For any quasi probability \(F\in \mathbb {C}\), \(A,C \in {\mathcal {A}}\) such that \(F(AC), F(A \overline{C})>_X \mathbf {0}\): \({\mathrm{S}}(\mathbb {C})\) and \({\mathrm{C}}(\mathbb {C})\) imply \(F(C|A) =F(A > C)=F(C)\).

Call a plausibility function \(F\)trivial, if there are no 3 disjoint propositions \(C,D,E \in {\mathcal {A}}\) such that they are \(F\)-possible (this is, \(F(C), F(D), F(E)>_X \mathbf {0}\)). We now prove Triviality (Corollary 4 in the text).

Corollary 6

(Lewis-like triviality) There is no class \(\mathbb {C}\) of quasi probability functions, such that \({\mathrm{S}}(\mathbb {C})\) and \({\mathrm{C}}(\mathbb {C})\), unless all \(F\in \mathbb {C}\) are trivial.

Proof

Assume there is a class \(\mathbb {C}\) of quasi probability functions such that \({\mathrm{S}}(\mathbb {C})\) and \({\mathrm{C}}(\mathbb {C})\). Assume (for reductio) that \(\mathbb {C}\) contains a non-trivial quasi probability \(F\). Therefore, there are disjoint \(C,D,E \in {\mathcal {A}}\) such that \(F(C), F(D), F(E) >_X \mathbf {0}\). Consider \(A = C \cup D\). Thus \(AC = C\) and \(A \overline{C} =D\). Hence \(F(AC),F(A\overline{C})>0\), as well as \(F(A), F(C), F(\overline{C})>_X \mathbf {0}\) (Pl1).

Since \(F\in \mathbb {C}\) and \(A,C \in {\mathcal {A}}\), we have \(A > C \in {\mathcal {A}}\) (from \({\mathrm{S}}(\mathbb {C})\)) and because \(F\) is only defined over elements of \({\mathcal {A}}\)). Thus by the Corollary 5 to the triviality Theorem 7:

$$\begin{aligned} F(C|A) = F(C). \end{aligned}$$

However, note that \(F(C|A) = F(CA) \displaystyle \oslash F(A) = F(C) \displaystyle \oslash (F(C) \oplus F(D)) \ne F(C)\). Otherwise \(F(C) \oplus F(D) =\mathbf {1}\) (uniqueness of \(\mathbf {1}\)). But then \((F(C) \oplus F(D)) \oplus F(E) = \mathbf {1}\) and thus \(\mathbf {1}\oplus F(E) = \mathbf {1}\) and therefore \(F(E) = \mathbf {0}\) (uniqueness of \(\mathbf {0}\)). But then it is not possible that \(F(E)>_X \mathbf {0}\). This contradicts the assumption. \(\square \)

Comparative Remarks

The main differences between the approach of Morgan and Mares (1995) and Morgan (1999) and the one presented here are the following ones. In Morgan and Mares (1995) \(P(C| \varGamma )\) is a previously understood function, defined for a sentenceC and a set\(\varGamma \) of sentences. The generalised Stalnaker Thesis is directly assumed and instead of exploiting the equality \(P(C) = P(C|A)\) to prove triviality, they exploit the inequality \(P(C) \le P(C|A)\) (as I did in Theorem 5). In their framework this is the inequality \(P(C|\varGamma ) \le P(C| \varGamma \cup \{A\})\) [theorem 2.4 in Morgan and Mares (1995) and theorem V.6 in Morgan (1999)]. They also prove a slightly different triviality result, namely \(P(A|\varGamma )= P(B|\varGamma )\) for all \(A,B, \varGamma \) such that \(P(A|\varGamma ), P(B|\varGamma )\) are not maximal [theorem 3.1 in Morgan and Mares (1995) and theorem V.7 in Morgan (1999)]. The framework targets Adams’ Thesis and is built to allow formulating a non-standard probabilistic semantics. The logical relation between their assumptions and the assumptions made here is not clean cut, because of the difference in the result and the difference in the form of the conditional plausibility.

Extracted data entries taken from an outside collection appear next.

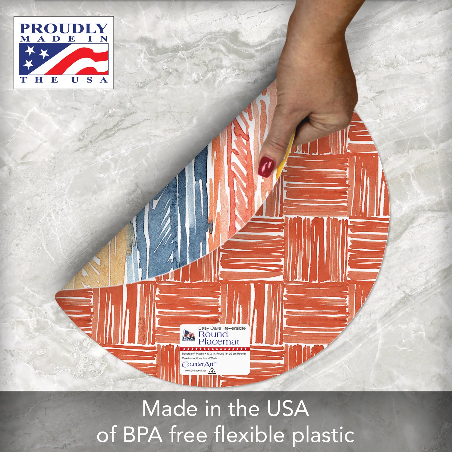 CounterArt Pattern Flair 4 Pack Round Reversible Easy Care Flexible Placemats Made in the USA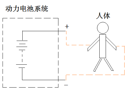 · 正負極與殼體的絕緣都失效,動力電池系統的外殼不同部位帶電且電位不等(電位差大于60V),人體同時接觸到這兩個帶電部位,構成放電回路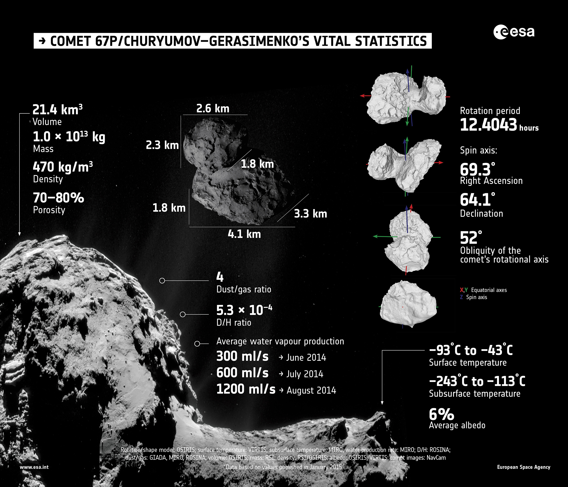 In addition we now have some vital stats on the comet, including its size, density, porosity, rotation, and others.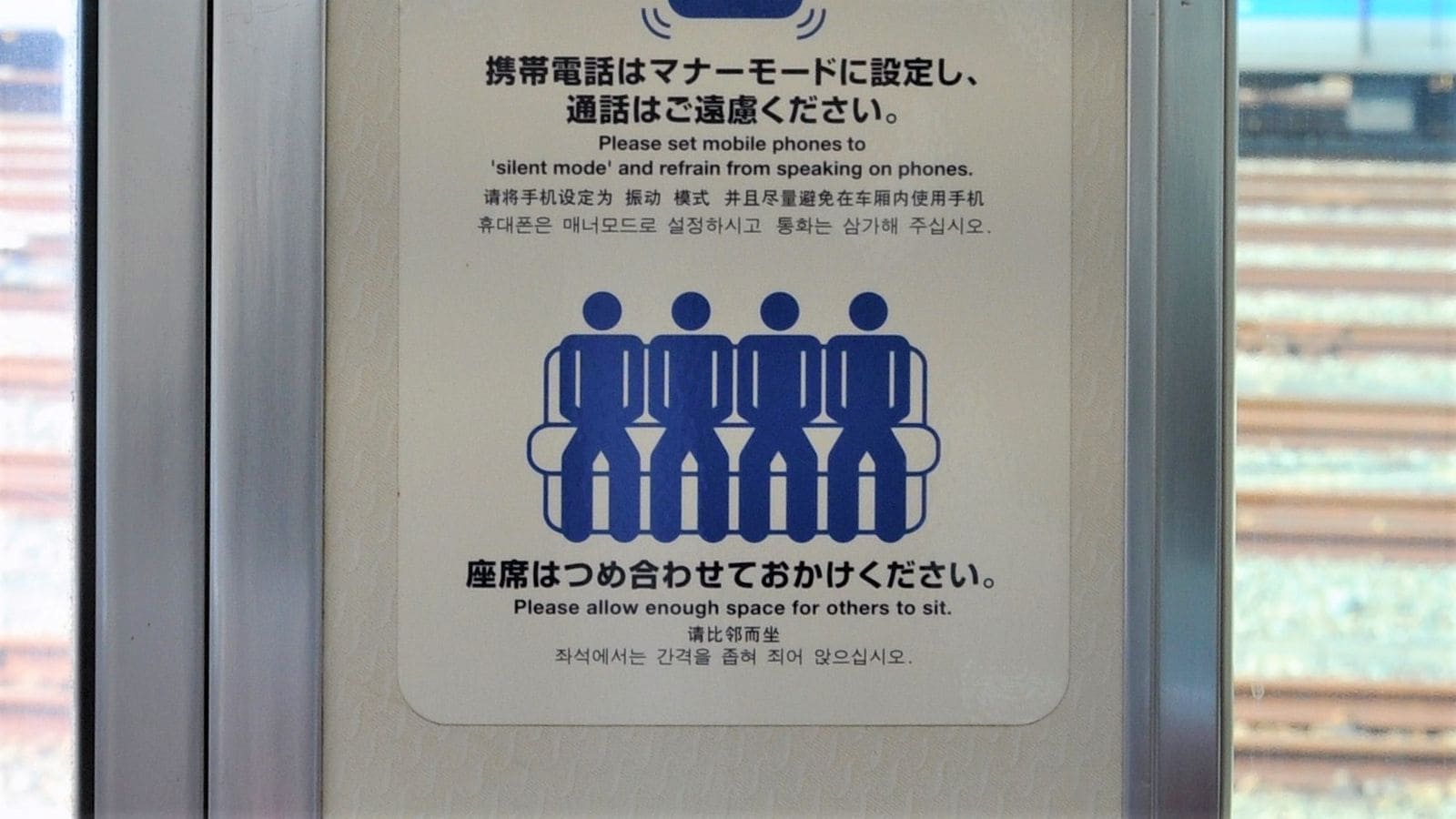 席を詰めて座るよう呼びかける電車内のステッカー(編集部撮影)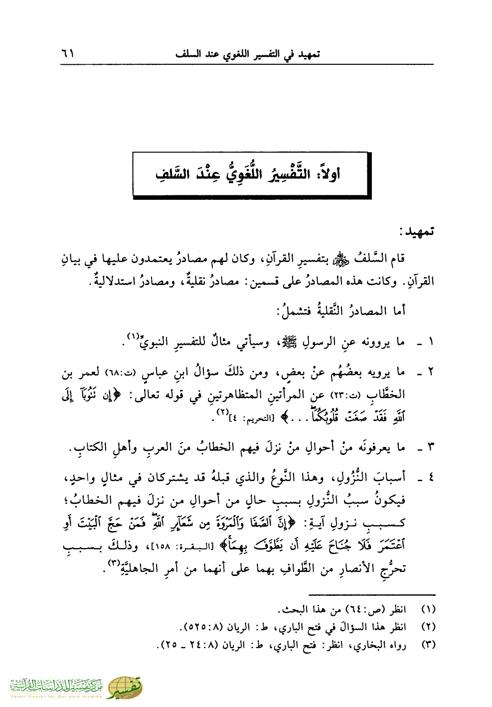 أولاً: التَّفْسِيرُ اللُّغَوِيُّ عِنْدَ السَّلفِ

Roughly, the differences are as follows: Their assumptions (C1–C5)⁵⁶ used to prove a triviality in Morgan and Mares (1995) are on the one hand ‘stronger’ and on the other hand ‘weaker’ than the assumptions made here. In particular, their C1 assumes a total order, C2 is a success postulate, from C3 a version of \(\displaystyle \oslash \)-conditionalisability can be arrived at, C4 is a version of the generalised Stalnaker thesis and C5 is a weak assumption on negation. The assumptions are ‘stronger’, in the sense that neither totality, nor a form of C3, nor the generalised Stalnaker thesis are assumed here. Note also that if we consider their functions up to logical equivalence then C1–C5 imply a version of \(\displaystyle \oslash \)-conditionalisability. On the other hand, especially C3 cannot be derived from the assumptions made here—it would correspond to the cancelling property, but for arguments for which this property is not necessarily defined. The assumptions are ‘weaker’, because their P may treat logically equivalent sentences (or sets of sentences) in a different manner and C5 is a weaker assumption than separability, i.e., it can be derived from the latter.

Similar things can still be said about the weaker assumptions in Morgan (1999), i.e., only a transitive relation is assumed (CCP1), the success postulate is weakened with (CCP2) and the negation postulate as well with (CCP5). However, the generalised Stalnaker thesis is still directly assumed with (CCP4) and a weak version of C3 is present in (CCP3) which is still not derivable from the assumptions made here. Note also that the triviality obtained from replacing (CCP4) by a simple Stalnaker Thesis (CCP4’) still assumes a special form of conditionalisation (CCP0) which is built on the general iteration property \(P_{\varSigma }(A| \varGamma )= P(A | \varGamma \cup \varSigma )\) and which I only assume in special cases (in the property of coincidence).